T’Chaka killed N’Jobo because he was going to kill the young Zuri (Denzel Whitaker) which seems like something different than murder but the abandonment is more problematic and speaks to the important fact that the Wakandans, even the king, are human and make mistakes. In this instance leaving the young Killmonger in Oakland is what T’Chaka admits to T’Challa as “the truth I chose to omit.” This was clearly the wrong thing to do but I choose to read this as an important element of this brand of storytelling that refuse the possibility of viewing Africa as a place without flaws.
This thinking is interesting as a framework to contextualize critique of the film that endeavors to situate Erik Killmonger as the “true” revolutionary against the isolationism and potential complicity of the Wakandan elites in the misery of colonized people all over the planet.
I find this difficult to square with the actual text of the film or the applicable theories of radical politics.
What I mean is that the character of Killmonger is steeped in a context of Black Radical Politics: the locus of his childhood in Oakland and most particularly the artifacts that adorned the walls in his father’s apartment: Huey Newton, Public Enemy, etc.
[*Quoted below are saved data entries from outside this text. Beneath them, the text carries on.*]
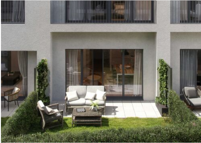
Wiedner Hauptstrasse 140 | Garten
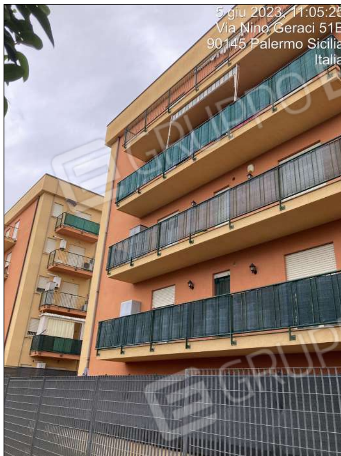
Foto n. 7 - Vista esterna Edificio Scala D
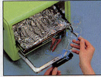
③ プラ板をのせる所にアルミホイルを のせ、オーブンに入れる。180℃で 1～2分。かなりクネクネと曲がるが 平らになるまで待つ。

The concern here is that it seems difficult for me to locate the moment when Black Revolution included the employment of the ideology of American and European imperialism to the point of the US special operation trained Killmonger asserting that; “The sun will never set on the Wakandan Empire”.
If we are prepared to allow for this style of international intervention on the part of the newly crowned Killmonger there are several important questions advocates of this as the logic of a revolution on the part of African people need to answer.
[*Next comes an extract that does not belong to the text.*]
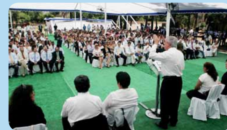
El Ministro Mañalich valoró los avances del sector en el 2011.

Por último, y respecto de los futuros desafíos que están planteados en la Estrategia Nacional de Salud, el ministro aseguró que el gran objetivo es "como logramos que la gente que está hoy sana, especialmente los jóvenes se mantengan sanas".

They include questions like: What happens to the people of these “liberated” states who endeavor to form their own political independence from Wakanda? Would they be attacked and brought to heel and become themselves colonies?
The answer is in fact clear from the words of Killmonger who is not reticent to assert that he has himself killed many Africans in his progress to returning to Wakanda. This is odd because it appears that all he really needed to do is head to Nigeria hook a right and show the nearest tribesperson the inside of his lower lip. Basically, what I mean here is that it is difficult to square the notion that employing the terms and conditions of western imperialism from Wakanda wouldn’t recreate the same structures of systematic marginalization that radical politics rails against.
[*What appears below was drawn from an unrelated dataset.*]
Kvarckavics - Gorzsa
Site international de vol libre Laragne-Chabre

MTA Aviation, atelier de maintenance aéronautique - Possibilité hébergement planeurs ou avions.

Wakanda, in this film, again forces the viewer to abandon the normative way of viewing things: power, force, gender and ultimately death assert that the exhortation: “Wakanda Forever” is not just a claim to futurity but a way to understand that Wakanda has always been free of having to consider the colony (pre or post) as a way of being and there is no reason to embark on a project of liberation from that base of isolation that amounts to an African based neo-colonialism.